▸ Task description
Taking the data below, please print only the lines from the line holding "中新網(wǎng)4月2日電" to the line holding "Original Item. One-of-a-Kind.", inclusive, with pictures omitted.

▸ Data shown
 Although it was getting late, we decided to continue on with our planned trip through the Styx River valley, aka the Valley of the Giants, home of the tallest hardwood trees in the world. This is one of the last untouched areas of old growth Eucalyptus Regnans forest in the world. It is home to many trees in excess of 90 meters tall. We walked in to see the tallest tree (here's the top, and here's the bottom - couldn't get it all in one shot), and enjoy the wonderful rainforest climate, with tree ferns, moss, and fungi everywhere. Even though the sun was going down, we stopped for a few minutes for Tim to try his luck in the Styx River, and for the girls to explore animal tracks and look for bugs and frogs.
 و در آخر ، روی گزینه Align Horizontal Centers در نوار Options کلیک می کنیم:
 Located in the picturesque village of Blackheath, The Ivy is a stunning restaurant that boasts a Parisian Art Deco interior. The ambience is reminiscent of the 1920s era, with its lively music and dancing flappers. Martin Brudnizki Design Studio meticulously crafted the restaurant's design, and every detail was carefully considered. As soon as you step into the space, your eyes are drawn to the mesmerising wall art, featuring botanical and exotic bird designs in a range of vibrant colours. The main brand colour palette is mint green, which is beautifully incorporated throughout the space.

==

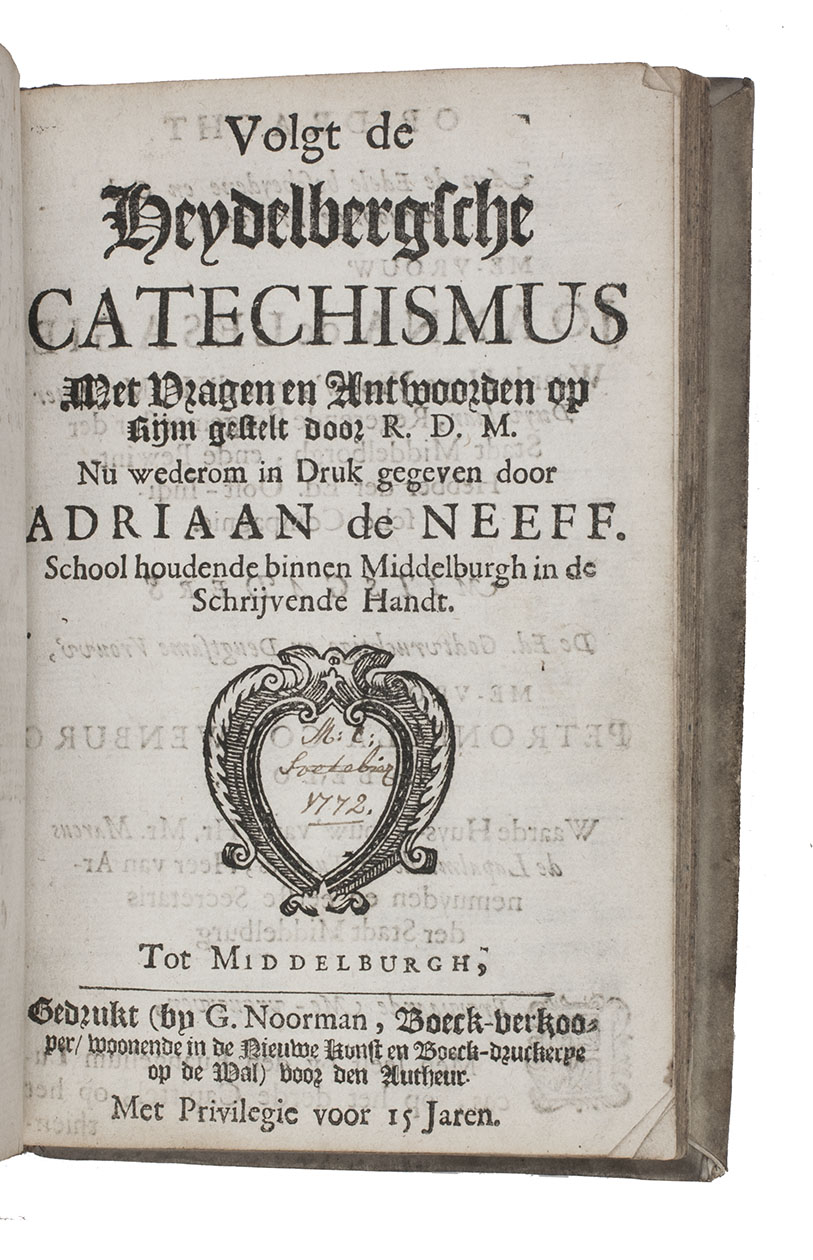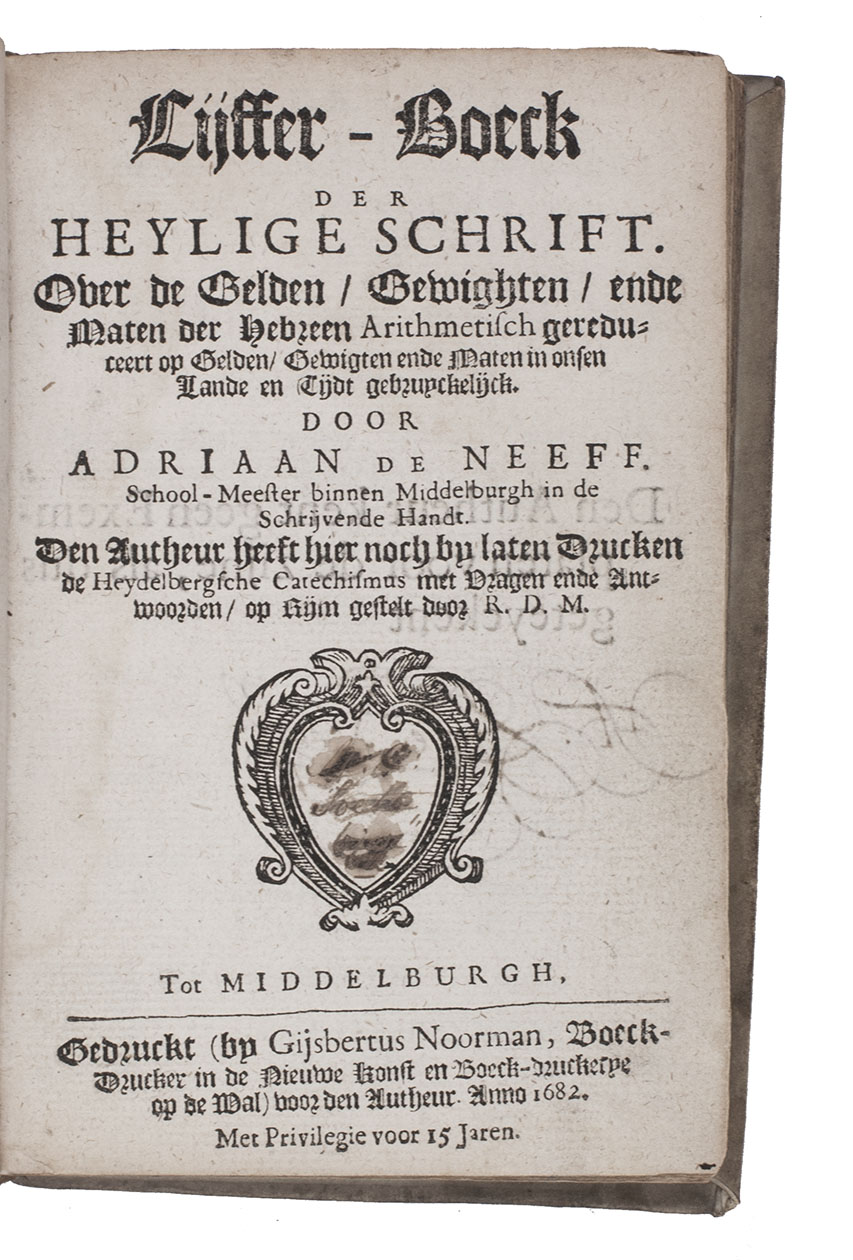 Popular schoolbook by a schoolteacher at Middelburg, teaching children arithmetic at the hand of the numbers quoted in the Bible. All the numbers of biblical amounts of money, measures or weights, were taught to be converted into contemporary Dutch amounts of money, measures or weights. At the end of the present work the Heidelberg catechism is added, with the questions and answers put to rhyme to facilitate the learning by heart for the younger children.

==

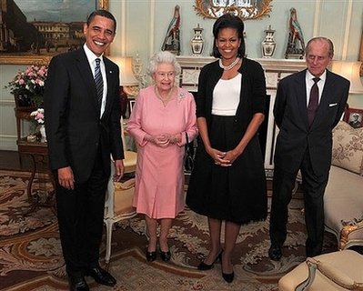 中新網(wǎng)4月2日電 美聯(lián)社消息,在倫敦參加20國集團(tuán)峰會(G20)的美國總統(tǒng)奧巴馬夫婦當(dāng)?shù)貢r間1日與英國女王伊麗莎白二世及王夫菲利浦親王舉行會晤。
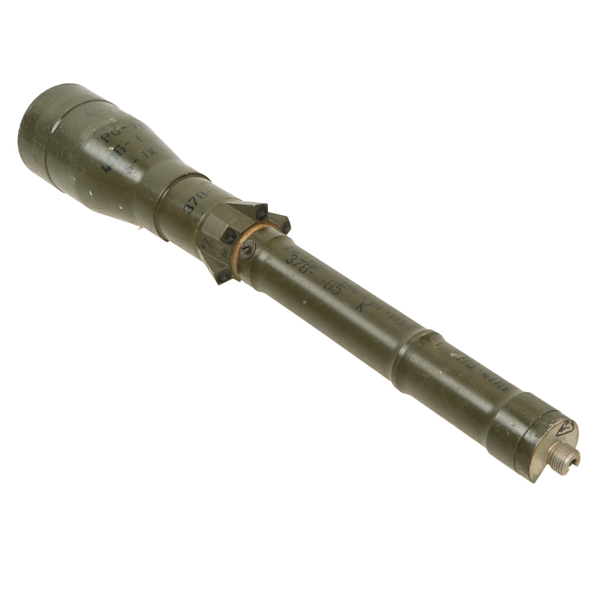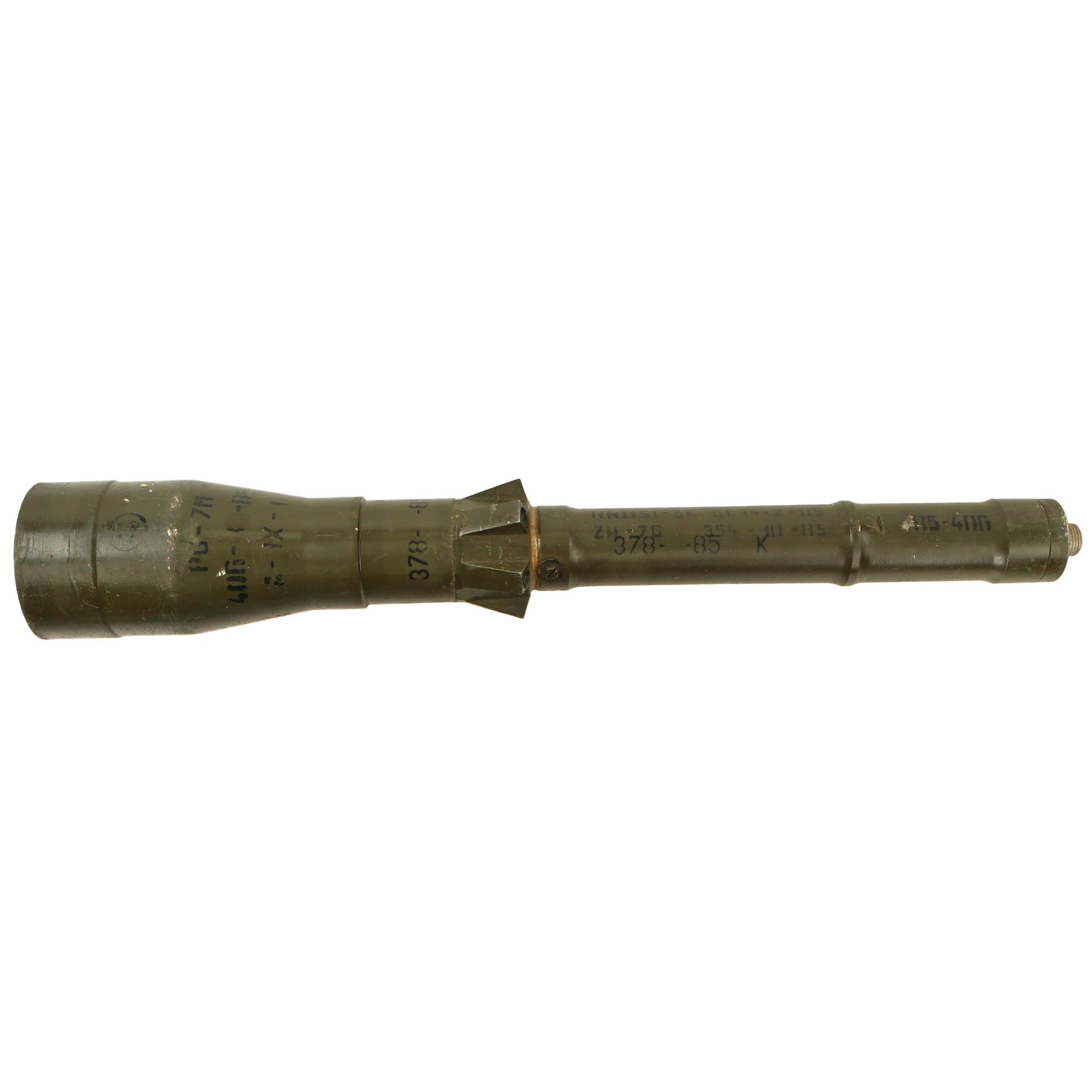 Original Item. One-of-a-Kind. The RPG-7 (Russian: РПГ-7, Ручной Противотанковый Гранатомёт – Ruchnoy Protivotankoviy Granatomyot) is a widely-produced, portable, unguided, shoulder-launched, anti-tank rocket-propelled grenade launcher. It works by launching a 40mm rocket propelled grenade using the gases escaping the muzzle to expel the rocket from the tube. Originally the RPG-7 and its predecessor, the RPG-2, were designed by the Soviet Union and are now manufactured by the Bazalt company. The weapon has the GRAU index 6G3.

▸ Answer to this problem
 中新網(wǎng)4月2日電 美聯(lián)社消息,在倫敦參加20國集團(tuán)峰會(G20)的美國總統(tǒng)奧巴馬夫婦當(dāng)?shù)貢r間1日與英國女王伊麗莎白二世及王夫菲利浦親王舉行會晤。
 Original Item. One-of-a-Kind. The RPG-7 (Russian: РПГ-7, Ручной Противотанковый Гранатомёт – Ruchnoy Protivotankoviy Granatomyot) is a widely-produced, portable, unguided, shoulder-launched, anti-tank rocket-propelled grenade launcher. It works by launching a 40mm rocket propelled grenade using the gases escaping the muzzle to expel the rocket from the tube. Originally the RPG-7 and its predecessor, the RPG-2, were designed by the Soviet Union and are now manufactured by the Bazalt company. The weapon has the GRAU index 6G3.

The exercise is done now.